Black rhino poaching in the communal areas started in December 2012. The last isolated incident before that was two decades ago. The number of poached rhinos varies from source to source, the most conservative number being 18 in the Palmwag and Etendeka concessions and four more in the Uukwaluudhi conservancy to the north-east. I do not speak for poached rhinos outside the communal lands. The current spate of poaching has sparked bitter debate and accusations and counter-accusations. I will not dwell on that.
The facts are that only one arrest and conviction had been made - of a poacher caught at the beginning of the onslaught. Evidence points towards organised crime and intimidation. There is a cloak of silence over events. It seems as if conservancy or community members are harbouring criminals. Critically endangered species that stand as symbols of successful community-based conservation are being slaughtered. Why now? Why after all these successes?
Where have we gone wrong? Where are the flaws in our system?
When I studied nature conservation in the mid-eighties it was drummed into our heads: “If it pays it stays.”
It seems that even for conservationists, wildlife and wilderness have no place if they cannot be of financial value to people. Never was this doctrine more evident than in community-based conservation in Namibia. It is all about money.
Financial benefits to the community were the focus. National pride, ethics, aesthetics and sound ecological practices shared a sad second place. If any place at all.
Everything must have a price tag
Our relentless quest for financial benefit bred one thing: GREED.
It set the stage for disaster. Enter a higher bidder and all principles go out the window.
The higher bidder has entered. Unscrupulous foreign investors, with a lot of financial backing, have come with a new incentive: wildlife products. Rhino horn, ivory, pangolin, lion bones, meat, hides, organs. Everything now has a higher price.
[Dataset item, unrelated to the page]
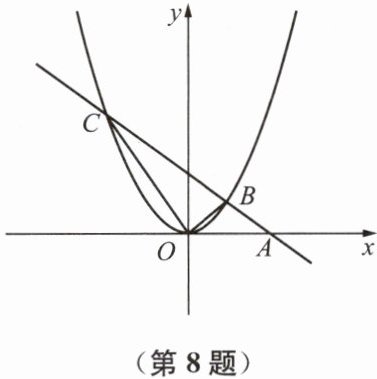 8. 如图,已知二次函数 $ y = ax^2(a > 0) $ 的图像与直线 $ AB $ 相交于 $ B $、$ C $ 两点,且点 $ A $ 的坐标是 $ (2,0) $,点 $ B $ 的坐标是 $ (1,1) $。

It is “good business”.
Will we stand up to this new threat? Will good people be bought and corrupted? Will our ethics and principles and our connection to the wilderness prevail?
Our clinical and non-emotional approach towards wildlife and wilderness will not be enough to stem the new wave of exploitation. We must look into our hearts again. We must remember that we are part of nature. Not owners and manipulators. This earth will not tolerate our greed forever.
We as Namibians stand to lose our reputation as splendid conservationists. A reputation means nothing until you have lost it.
The other day we travelled for several days around the Brandberg. It is a magnificent area. Pristine arid habitat. We travelled through four communal conservancies. It was an area renowned for its desert-adapted wildlife. The ancient art on its rock faces bears testimony to that. It is also known as the most bio-diverse place in Namibia. The first rains have fallen and the grass was in seed. Our total game count was: Two Cape fox, three springbok and eight giraffe.
It seems we are failing.
* Chris Bakkes has been involved in conservation and ecotourism, mostly in Namibia's north-western areas, for more than two decades. He is an acclaimed author of eight books published in Afrikaans, with a selection of his work translated into English and published under the title 'Bushveld, Desert, and Dogs: a Game Ranger's Life' (Human & Rousseau) in 2012.